Let us peek inside. The book.
Bits and scraps of paper with recipes scribbled on them are held neatly in plastic jackets, better to not smear flour and butter on as the right recipe is culled for the days cookie baking. Many have been discarded over the years, but these remain. The best of the best. Let us explore them further.
Ah, Magic Bars. Many of these recipes came from the days of our employment in the accounting department of a large oil company in Oklahoma. The ladies would often bring baked goods to the office, and the recipe would be provided upon request. As a young woman, just starting my own household, all recipes and cooking pointers were welcome. They also taught me to crochet, even though I was the only left handed one among them. A more generous group would be hard to find.
This is the oldest one, from 1961. It was found in between pages of a cookbook that had belonged to my grandmother. We have made the brown candy, better known today in the US as pralines. Very delicious, nearly pure sugar with pecans.

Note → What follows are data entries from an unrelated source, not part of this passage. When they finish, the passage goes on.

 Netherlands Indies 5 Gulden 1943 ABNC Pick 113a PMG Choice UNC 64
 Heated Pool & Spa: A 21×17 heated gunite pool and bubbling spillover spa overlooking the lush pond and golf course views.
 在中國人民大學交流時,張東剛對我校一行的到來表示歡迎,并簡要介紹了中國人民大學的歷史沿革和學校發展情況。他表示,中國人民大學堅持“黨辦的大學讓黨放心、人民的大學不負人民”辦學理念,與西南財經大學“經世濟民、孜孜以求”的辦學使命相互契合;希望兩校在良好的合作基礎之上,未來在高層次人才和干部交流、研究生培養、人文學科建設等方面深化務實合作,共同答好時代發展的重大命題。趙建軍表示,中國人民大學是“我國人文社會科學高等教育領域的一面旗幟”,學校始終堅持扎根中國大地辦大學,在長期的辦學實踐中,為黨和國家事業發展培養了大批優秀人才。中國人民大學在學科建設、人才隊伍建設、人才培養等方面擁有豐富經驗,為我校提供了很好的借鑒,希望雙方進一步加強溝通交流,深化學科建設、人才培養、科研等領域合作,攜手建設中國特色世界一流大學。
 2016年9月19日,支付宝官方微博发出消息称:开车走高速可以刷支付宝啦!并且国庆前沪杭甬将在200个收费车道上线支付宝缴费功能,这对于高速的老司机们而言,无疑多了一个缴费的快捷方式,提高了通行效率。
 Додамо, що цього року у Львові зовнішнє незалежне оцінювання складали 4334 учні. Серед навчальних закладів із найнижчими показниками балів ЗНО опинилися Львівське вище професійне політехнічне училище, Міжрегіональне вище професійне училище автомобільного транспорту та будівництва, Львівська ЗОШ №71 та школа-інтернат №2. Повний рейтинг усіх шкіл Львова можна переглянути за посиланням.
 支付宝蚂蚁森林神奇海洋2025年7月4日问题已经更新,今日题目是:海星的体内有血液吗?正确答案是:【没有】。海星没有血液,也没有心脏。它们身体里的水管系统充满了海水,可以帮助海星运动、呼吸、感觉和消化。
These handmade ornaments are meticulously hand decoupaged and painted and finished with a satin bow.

Notice the pink card that this recipe for No Bake Cookies is written upon. It is a key punch card, for those too young to remember such things. Before there were bar codes that could be read by computers, back in the day, there were little holes punched into cards like this that represented a document of some kind. There were large rooms full of young ladies who would hit the keys that made these holes, the keypunch room. Trays of these cards would go to be read, added and printed out onto computer runs, large sheets of paper with holes running down each side. The total would be checked against yet more papers of numbers. If there was a discrepancy, still more large rooms of young ladies would check each card against the run to find the error, the run room. We were awash in little pink cards, as you can imagine. If one would write quite small but legible, always a plus in the accounting biz back then, recipes would fit.
The best has been saved for the grand finale. Written on a larger unpunched keypunch card, the Kentucky Bourbon Balls were far and away the most popular confection ever made. Fondant and nut balls were soaked in Bourbon and allowed to cure for several days, in a shoe box lined with waxed paper. Then they would be frozen on a cookie sheet. The fine art of dipping these into melted chocolate over a double boiler was finally mastered. Now one could use a microwave to melt the chocolate in a glass quart measuring cup, or do it in the old school method. Just so you know, a couple of these goodies would have you singing Oklahoma while you were looking for the error on the computer run.
The Orange. Frances
While out and about, shopping for chocolate goodies for family and other guests, the name on this package was recognized as one mentioned in a previous post and/or comment on the Encounters Blog. It was snatched right up and tossed lightheartedly into the cart.
Back at the house the wrapper was studied. The expiration date was good, it should be fresh. The first ingredient listed was chocolate, another plus on the grading scale of plus and minus used here for all things of importance. Fiber-two grams, protein-two grams, calcium-two percent of the daily requirement, iron-ten percent. This was positively a health food. Let us skip the calories, fat and carbohydrate numbers for they are irrelevant, as is the portion size.
How thoughtful of the manufacturers to show us how to break this bar apart too. They think of everything, those German biscuit makers. But there’s the rub, is this a biscuit or a candy bar? Shall we give it the taste test? Let us open the package and give it the once over.
Following the helpful instructions on the packet, a section was broken off. The chocolate looks like the high quality stuff. The marzipan looks to be the right consistency and color. It smells chocolatey.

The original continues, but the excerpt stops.